270990 Parental acceptance of dental office-based childhood obesity prevention counseling

Monday, October 29, 2012

Raymond Tseng, DDS, PhD , Department of Pediatric Dentistry, University of North Carolina - Chapel Hill, Chapel Hill, NC
Tina Tseng, PhD, MSPH , Department of Public Health-College of Pharmacy and Health Sciences, Campbell University, Buies Creek, NC
Wesley Rich, PhD , Department of Public Health-College of Pharmacy and Health Sciences, Campbell University, Buies Creek, NC
Overweight or obesity (ow/ob) is a significant public health concern for children and adolescents. Traditionally, physicians have been charged with diagnosis and treatment of these conditions. However, a review of 2388 well-child visits from the 2005-2009 National Ambulatory Medical Care Survey databases shows only 37% of well-child visits involved obesity prevention health education (OPHE). For obese children, OPHE occurred at 41% of well-child visits. Dentists may aid physicians in screening, diagnosing, and addressing this problem through basic health education. This study assessed parental attitudes and acceptance of counseling aimed at addressing ow/ob in the dental office, and explored possible goals for parents to engage in.

Caregivers of children were surveyed in pediatric dental clinics in central North Carolina. Survey items assessed parental comfort level and attitudes towards medical and dental healthcare providers discussing ow/ob, and perceived difficulty of sustaining ow/ob-associated lifestyle changes for 6 months. Bivariate analysis and logistic regression were performed to identify significant associations.

Physicians discussed BMI percentile at only 30% of well-child visits. 63.4% of parents reported dental-office based OPHE was appropriate. Private insurance, college education, Hispanic ethnicity, and believing “children would not outgrow obesity” were significantly associated with acceptance of counseling. Preliminary data showed that daily breakfast and consuming fruits/vegetables were easy goals for parents to consistently implement for up to 6 months.

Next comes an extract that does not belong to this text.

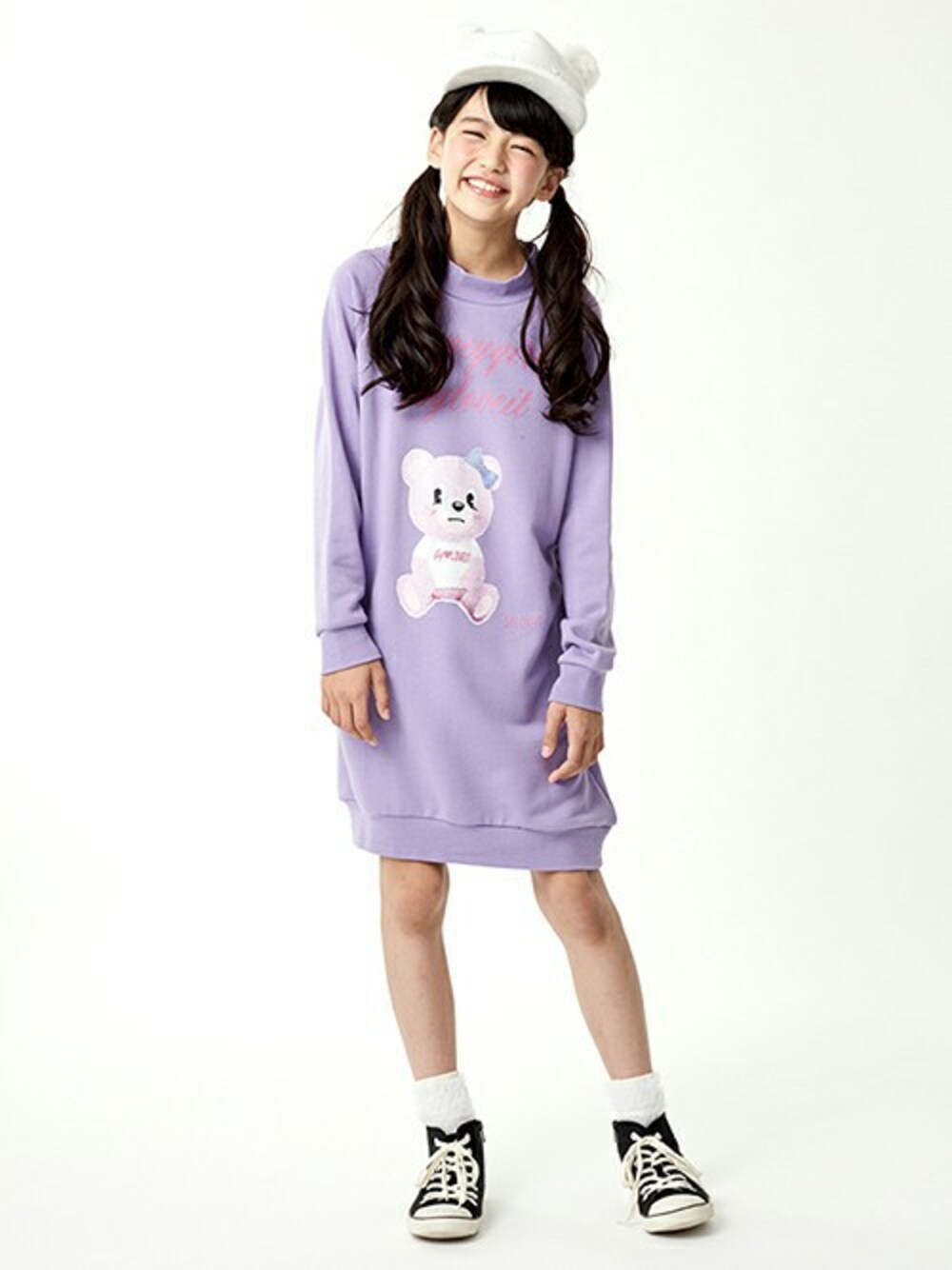 ふわふわなポンポンでキュートに飾ったキャップのアニマルの耳を思わせるラブリーなデザインは、コーデのアクセントとして大活躍♪ 本体と同色の糸でフロントにロゴ刺しゅうをほどこし、ブランドをさりげなく際立てました。頭周りはバックのバンドでサイズ調節が可能。 流れるようなロゴと愛らしいベアをプリントしたキュートで存在感あふれる裏毛ワンピースは、首元を適度におおうハイネックデザインにお上品さが薫る1着♪ ボディをゆったりと包むシルエットで、ラクチンに過ごせます。両サイドにポケットつきです。 もこもこのフェイクファーがフェミニンな印象を与えるソックスのはき口後にあしらった本体と同色のリボンは、ほんのり甘さのただようアクセント♪ 足裏部分は別生地で切り替えているので、シューズもすっきりとはけます。 足元をスマートに演出するハイカットタイプのスニーカーもサイドのグラフィカルなロゴがブランドをセンス良く際立てる1足♪ 側面をファスナーで開閉できる仕様なので、靴ヒモを都度結んだり外したりする手間が省けて◎。取り入れやすいベーシックなカラーは、様々なスタイルで活躍します。

Parents believe OPHE in the dental office is appropriate, and are comfortable engaging in such discussions. This study provides a starting point for promoting lifestyle changes to address ow/ob in the dental office.

Learning Areas:
Chronic disease management and prevention
Other professions or practice related to public health
Provision of health care to the public

Learning Objectives:
Identify parent or caregiver characteristics that would be receptive to obesity counseling in the dental office. Identify basic goals parents/caregivers who are interested in implementing obesity prevention-related lifestyle changes for their children.

Keywords: Obesity, Children and Adolescents

Presenting author's disclosure statement:

Qualified on the content I am responsible for because: I have been the principal investigator on several federally funded, and privately funded research training grants focused on the role of the pediatric dentist in addressing childhood overweight and obesity. Among my scientific interests are the immunological and inflammatory consequences of childhood obesity in pre-school aged children, as well as dental clinical practices that aid in screening for, indentifying, and treating the incidence and symptoms of childhood obesity in pediatric populations.
Any relevant financial relationships? No

I agree to comply with the American Public Health Association Conflict of Interest and Commercial Support Guidelines, and to disclose to the participants any off-label or experimental uses of a commercial product or service discussed in my presentation.